Transformebenwenr是全新的特征提取模块。而视觉中的注意力机制是关注重要的像素点。VIT结构图如下图所示。

NLP中是将文字转化为序列,分别进行自注意力机制多头注意力机制,而视觉任务也可以将图像转换为序列。图中先将图像平均分成9份,每一份都是单独的个体。每个小图像都要与其他的算关系。比NLP多了一步展开成序列。文本的第一步是:词向量。图像的第一步:图特征向量提取。

先将图像分成多个区域,再将每个区域通过卷积核提取特征向量。一个卷积对应一个特征,每个位置通过n个卷积核得到n维向量。得到特征向量后堆叠注意力机制,再进行聚合特征,最后进行分类等下游特征。

下面进行debug代码

main入口函数

def main():
    parser = argparse.ArgumentParser()
    # Required parameters
    parser.add_argument("--name", required=True,
                        help="Name of this run.

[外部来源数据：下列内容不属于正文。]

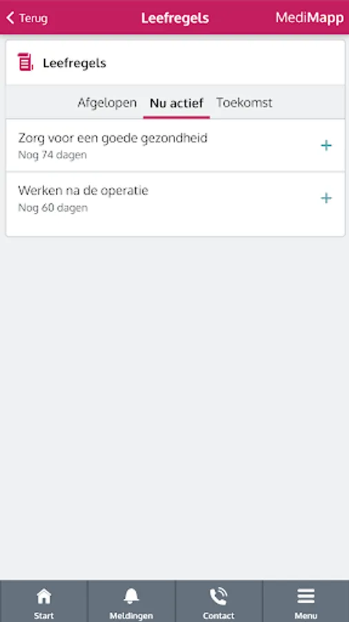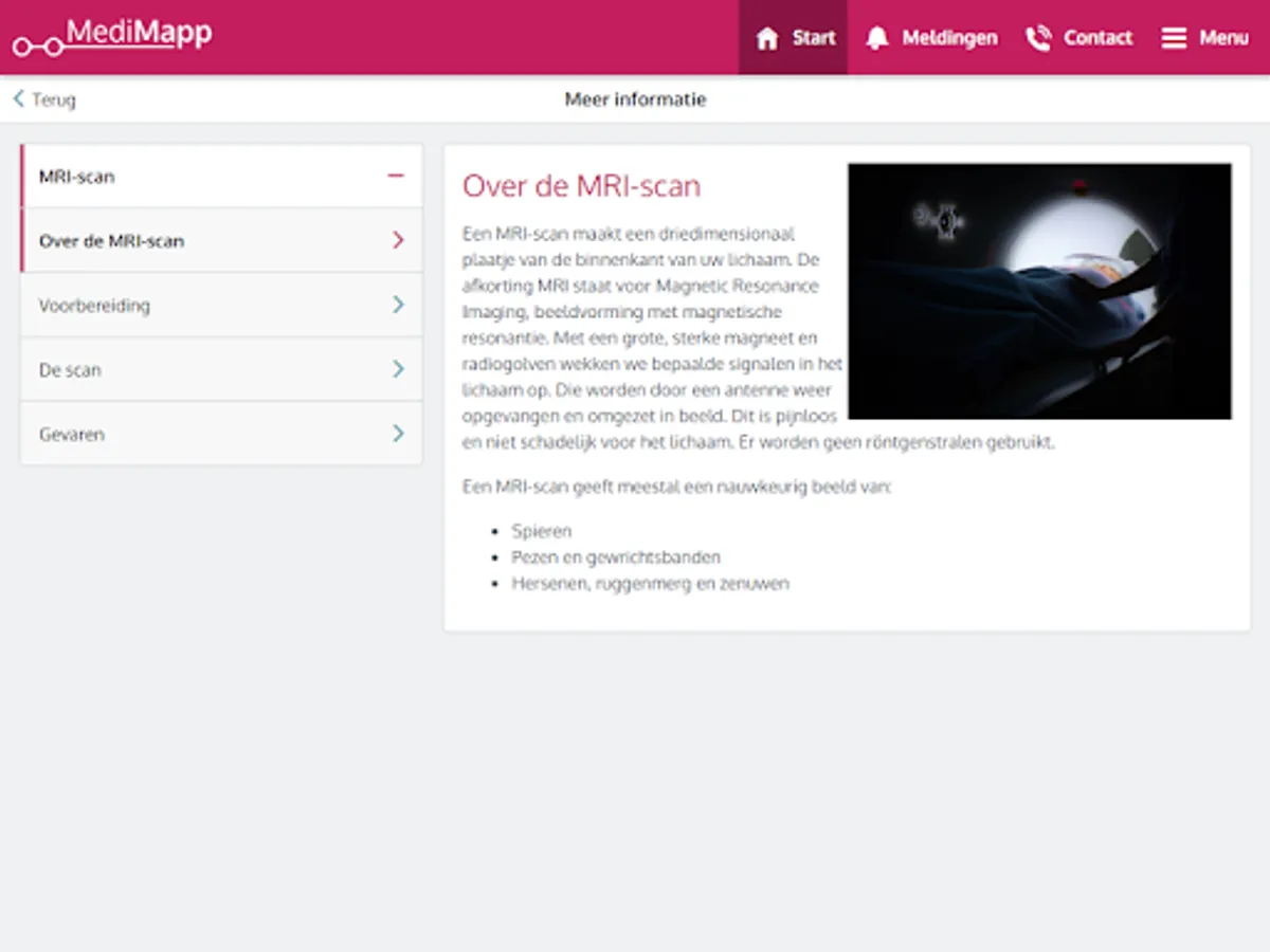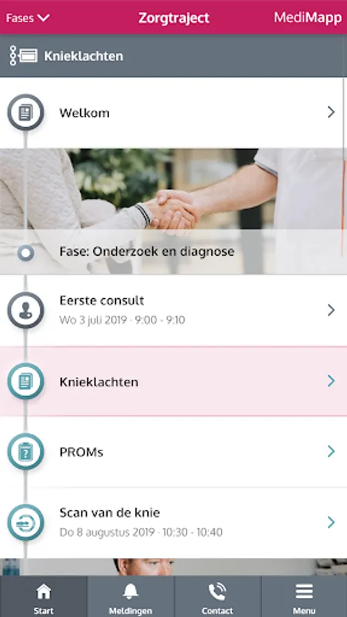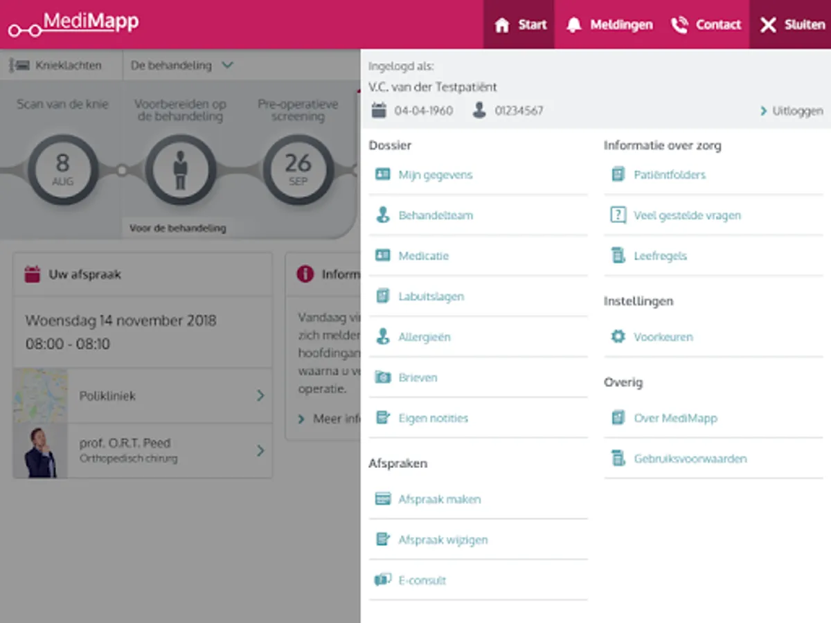 MediMapp gives you the right information at the right time about your illness and care trajectory. Here you will find everything about the syndrome, (treatment) agreements, side effects, life rules and frequently asked questions. The information is always up-to-date, specific and relevant through a link with the Electronic Patient File of your healthcare institution.

Used for monitoring.")
    parser.add_argument("--dataset", choices=["cifar10", "cifar100"], default="cifar10",
                        help="Which downstream task.")
    parser.add_argument("--model_type", choices=["ViT-B_16", "ViT-B_32", "ViT-L_16",
                                                 "ViT-L_32", "ViT-H_14", "R50-ViT-B_16"],
                        default="ViT-B_16",
                        help="Which variant to use.")
    parser.add_argument("--pretrained_dir", type=str, default="checkpoint/ViT-B_16.npz",
                        help="Where to search for pretrained ViT models.")
    parser.add_argument("--output_dir", default="output", type=str,
                        help="The output directory where checkpoints will be written.")

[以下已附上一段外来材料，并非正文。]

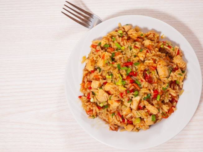 Leftover pork roast, onion, celery, cooked rice, soy sauce, and cream of mushroom soup are combined and baked until hot and bubbling.
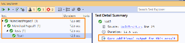 轉到**測試->測試資源管理器**。然後執行測試。測試資源管理器中的輸出為:
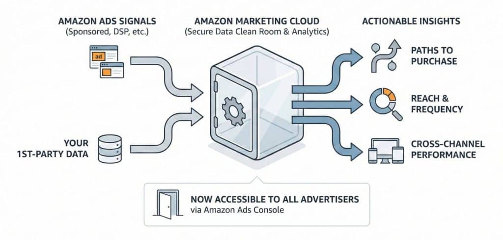 For years, this type of analysis was reserved for enterprise advertisers using Amazon DSP with custom onboarding. That has changed. Amazon announced that AMC is now available to all advertisers running Sponsored Ads, with an entry point directly inside the Amazon Ads console under Measurement and Reporting.
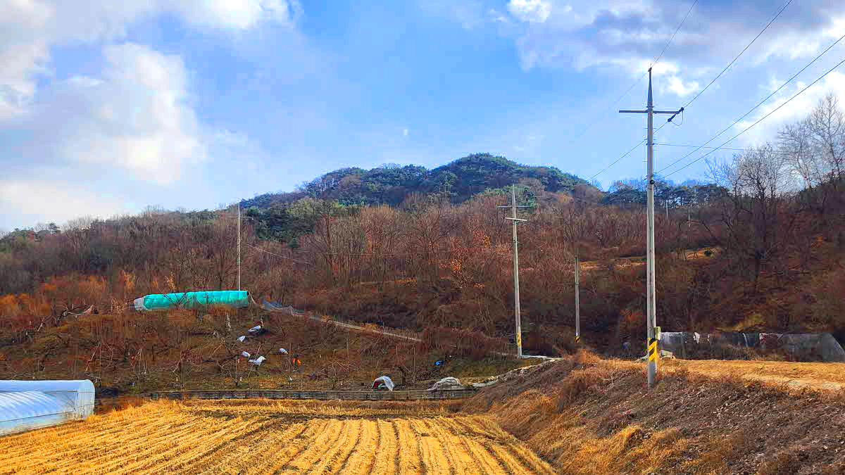 정면으로 민가와 농장이 보이는데 뒷산이 지도상 태자봉 최고봉인데
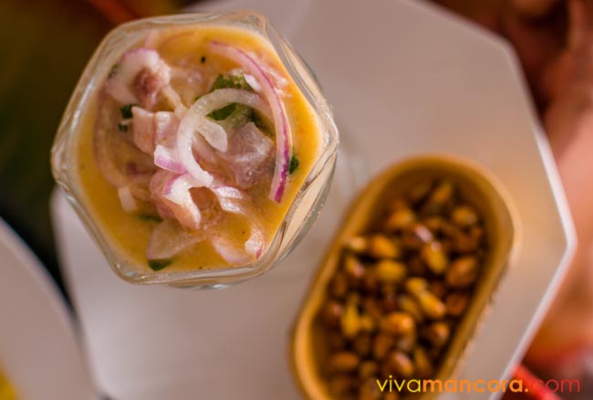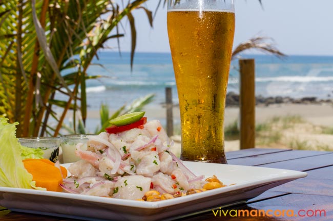 El ceviche es el plato emblema de Máncora y playas cercanas; la frescura de un robalo o un mero murique en un ceviche siempre servido con yuca, camote y cancha, es delirante.
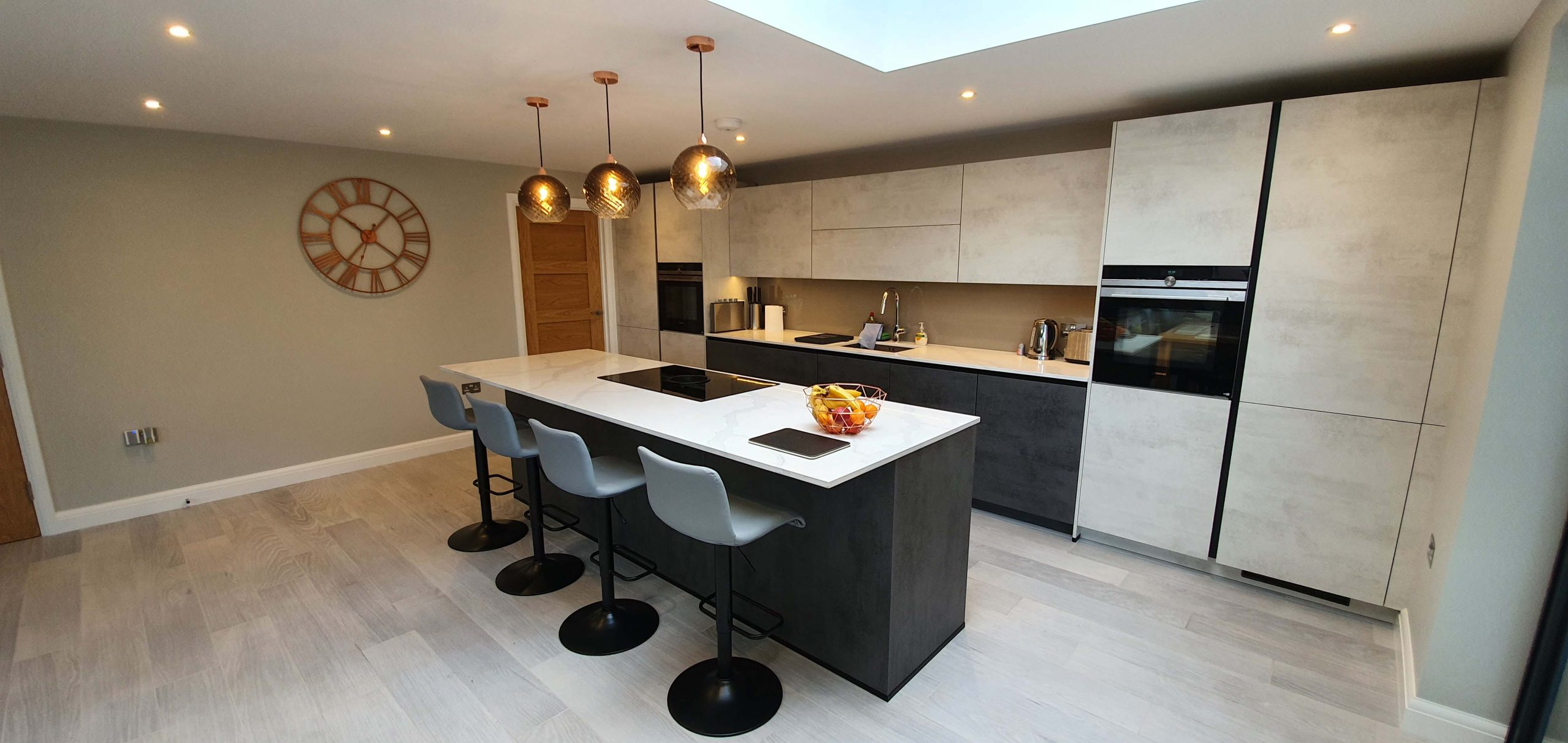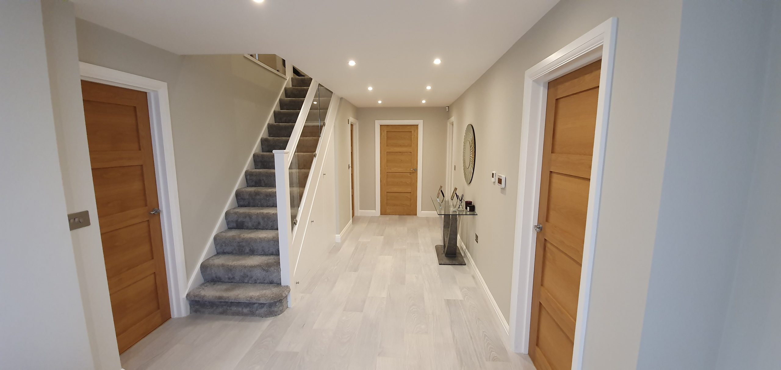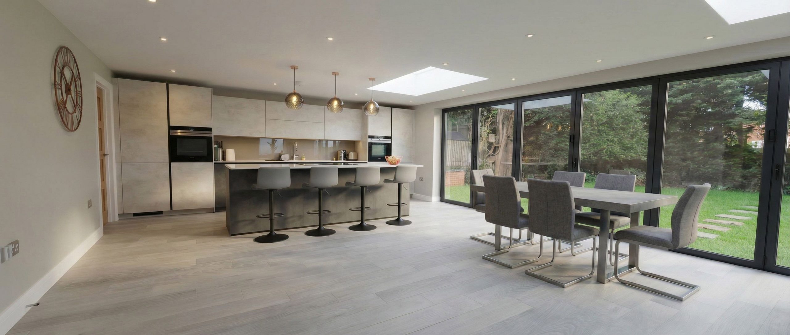 Project Scope: This project involved the complete renovation of a detached 1980s family home in Elstree and Borehamwood, transforming a compartmentalized layout into a high-specification modern residence. The centrepieces of the renovation are a substantial rear extension that houses an expansive open-plan kitchen, dining, and living area, and a redesigned central hallway that offers seamless access to two reception rooms and the newly integrated underground garage.

    parser.add_argument("--img_size", default=224, type=int,
                        help="Resolution size")
    parser.add_argument("--train_batch_size", default=16, type=int,
                        help="Total batch size for training.")
    parser.add_argument("--eval_batch_size", default=64, type=int,
                        help="Total batch size for eval.")
    parser.add_argument("--eval_every", default=100, type=int,
                        help="Run prediction on validation set every so many steps."
                             "Will always run one evaluation at the end of training.")

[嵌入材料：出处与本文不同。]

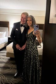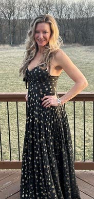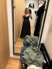 I loved wearing this dress! I got several compliments and I felt so fancy but also fun. I ordered both large and medium and they weren’t able to send the large, but the medium fit perfect. I expected it to be a little longer - I wore 2.5 inch heels and the dress was well above the floor. Which worked great. I was concerned about the bra situation because I have mom boobs and they sag but the dress held them up well without wearing a bra so I was super happy about that. Very glad I chose this dress!
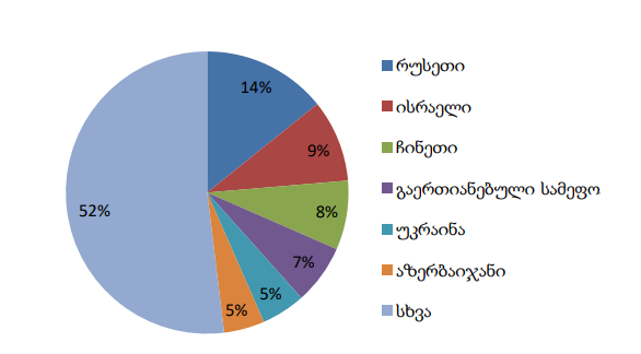 ქვეყნების მიხედვით კი წილები შემდეგნაირად ნაწილდება:
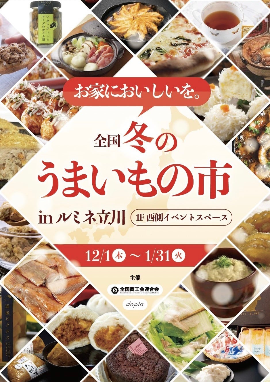 全国商工会連合会(所在地:東京都千代田区、会長:森 義久)主催で2023年1月31日(火)まで”全国冬のうまいもの市”をルミネ立川にて期間限定で開催しております。
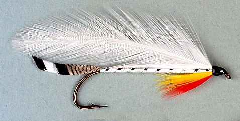Tail: Barred wood duck Body: White floss Rib: Flat silver tinsel Wing: White saddle hackles Throat: Red followed by yellow hackle Source: Leonard, J.E. (1950, 1982) Flies, p. 260
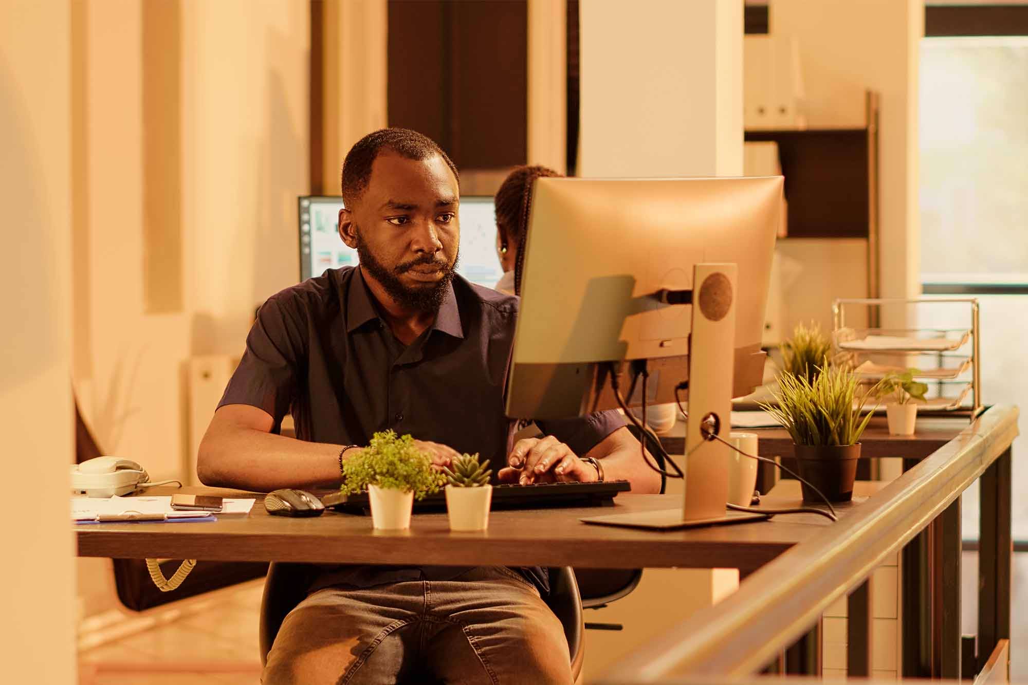 Two men are sitting in ergonomic chairs and working at their computers in a bright office space
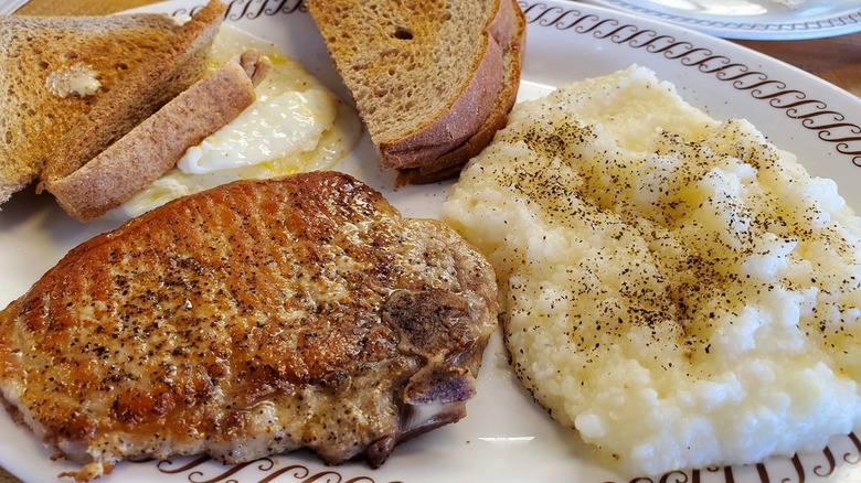 Aside from the porkchop, the dinner comes with the choice of a bread item, plus a side of grits, hash browns, or sliced tomatoes. White or wheat toast adds another 230 or 220 calories respectively. White toast has 370 milligrams of sodium and 26 grams of carbs, while wheat toast has 330 milligrams of sodium and 22 grams of carbs. Adding grits delivers another 90 calories and 300 milligrams of sodium, while hash browns deliver 190 calories and 240 milligrams of sodium. No matter how you combine your meal, a pork chop dinner is unhealthy and best left unordered.
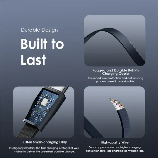 Thickened wire protection and anti-winding process make it more durable. Built-in Smart-charging Chip Intelligently identifies the fast-charging protocol of your mobile to deliver the speediest possible charge. High-quality Wire Pure copper conductor, higher charging conversion rate, less charging conversion loss.

    parser.add_argument("--learning_rate", default=3e-2, type=float,
                        help="The initial learning rate for SGD.")
    parser.add_argument("--weight_decay", default=0, type=float,
                        help="Weight deay if we apply some.")
    parser.add_argument("--num_steps", default=10000, type=int,
                        help="Total number of training epochs to perform.")
    parser.add_argument("--decay_type", choices=["cosine", "linear"], default="cosine",
                        help="How to decay the learning rate.")
    parser.add_argument("--warmup_steps", default=500, type=int,
                        help="Step of training to perform learning rate warmup for.")
    parser.add_argument("--max_grad_norm", default=1.0, type=float,
                        help="Max gradient norm.")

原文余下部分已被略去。